▶ Stored data:
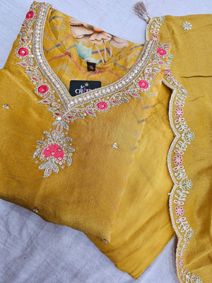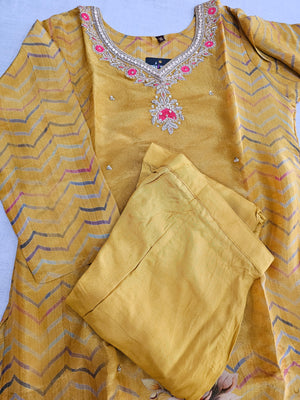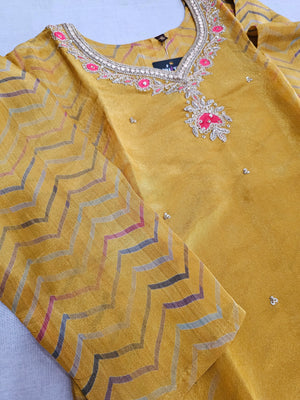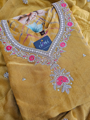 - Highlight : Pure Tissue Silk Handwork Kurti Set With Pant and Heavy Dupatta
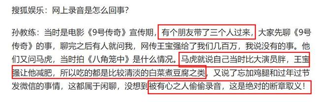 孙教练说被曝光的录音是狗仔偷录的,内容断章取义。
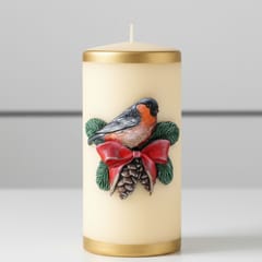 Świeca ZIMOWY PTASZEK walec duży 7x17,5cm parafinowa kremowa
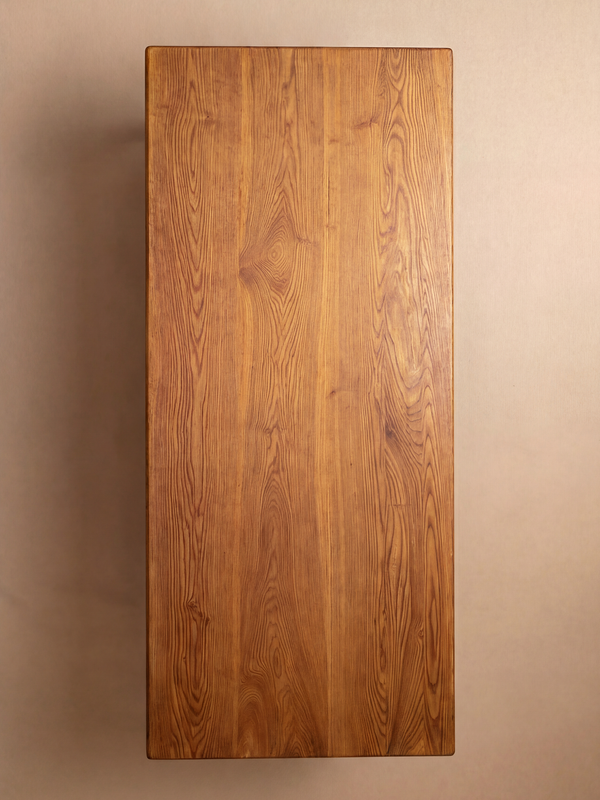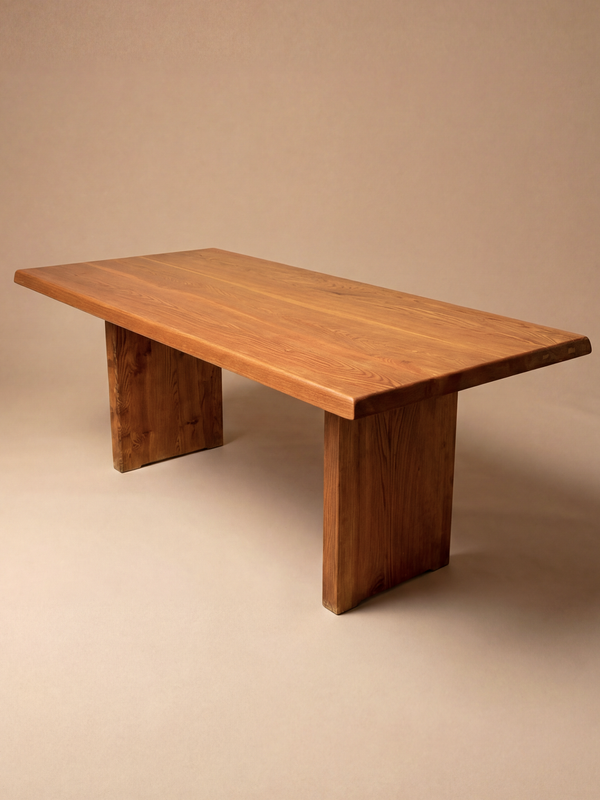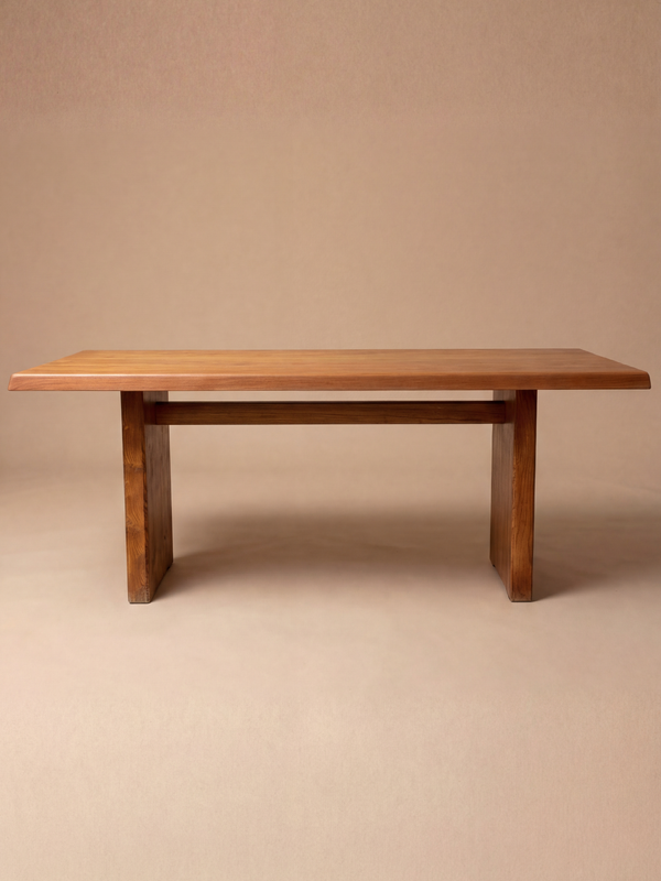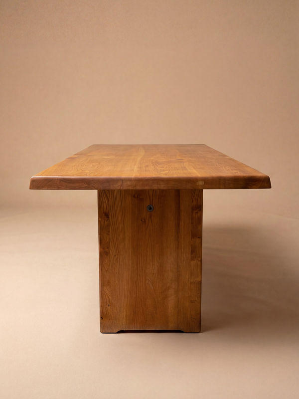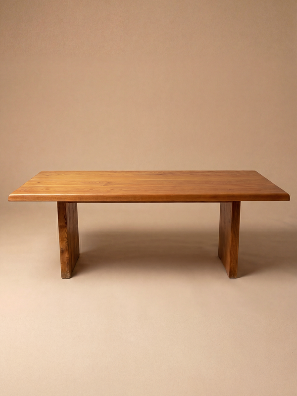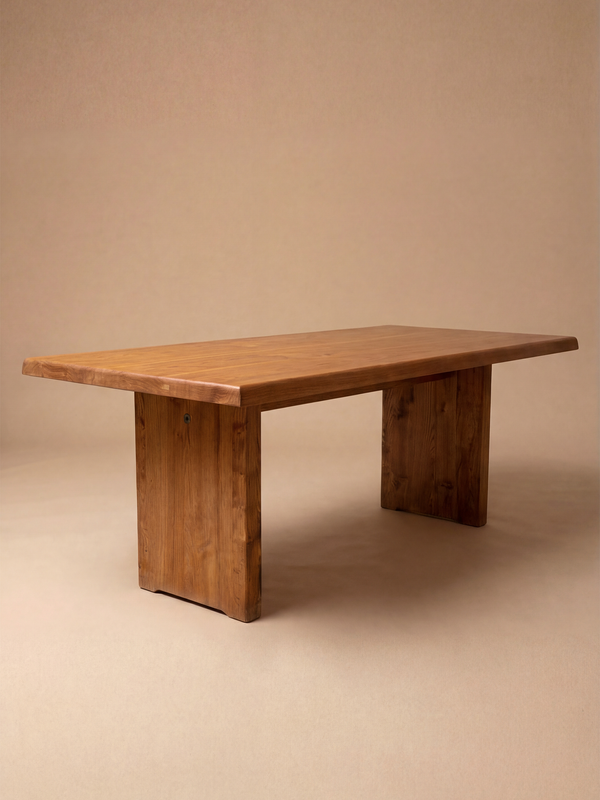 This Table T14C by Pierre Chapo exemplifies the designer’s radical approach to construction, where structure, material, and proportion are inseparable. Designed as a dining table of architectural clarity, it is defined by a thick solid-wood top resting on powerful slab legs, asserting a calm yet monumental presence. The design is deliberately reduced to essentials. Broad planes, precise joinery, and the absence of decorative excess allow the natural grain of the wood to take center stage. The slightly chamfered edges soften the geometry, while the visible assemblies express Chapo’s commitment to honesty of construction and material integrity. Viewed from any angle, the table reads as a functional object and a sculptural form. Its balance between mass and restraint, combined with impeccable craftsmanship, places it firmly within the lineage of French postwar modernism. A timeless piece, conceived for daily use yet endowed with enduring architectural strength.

▶ Work required:
Down to the last line, reproduce the material above exactly; skip its images.

▶ Expected answer:
 - Highlight : Pure Tissue Silk Handwork Kurti Set With Pant and Heavy Dupatta
 孙教练说被曝光的录音是狗仔偷录的,内容断章取义。
 Świeca ZIMOWY PTASZEK walec duży 7x17,5cm parafinowa kremowa
 This Table T14C by Pierre Chapo exemplifies the designer’s radical approach to construction, where structure, material, and proportion are inseparable. Designed as a dining table of architectural clarity, it is defined by a thick solid-wood top resting on powerful slab legs, asserting a calm yet monumental presence. The design is deliberately reduced to essentials. Broad planes, precise joinery, and the absence of decorative excess allow the natural grain of the wood to take center stage. The slightly chamfered edges soften the geometry, while the visible assemblies express Chapo’s commitment to honesty of construction and material integrity. Viewed from any angle, the table reads as a functional object and a sculptural form. Its balance between mass and restraint, combined with impeccable craftsmanship, places it firmly within the lineage of French postwar modernism. A timeless piece, conceived for daily use yet endowed with enduring architectural strength.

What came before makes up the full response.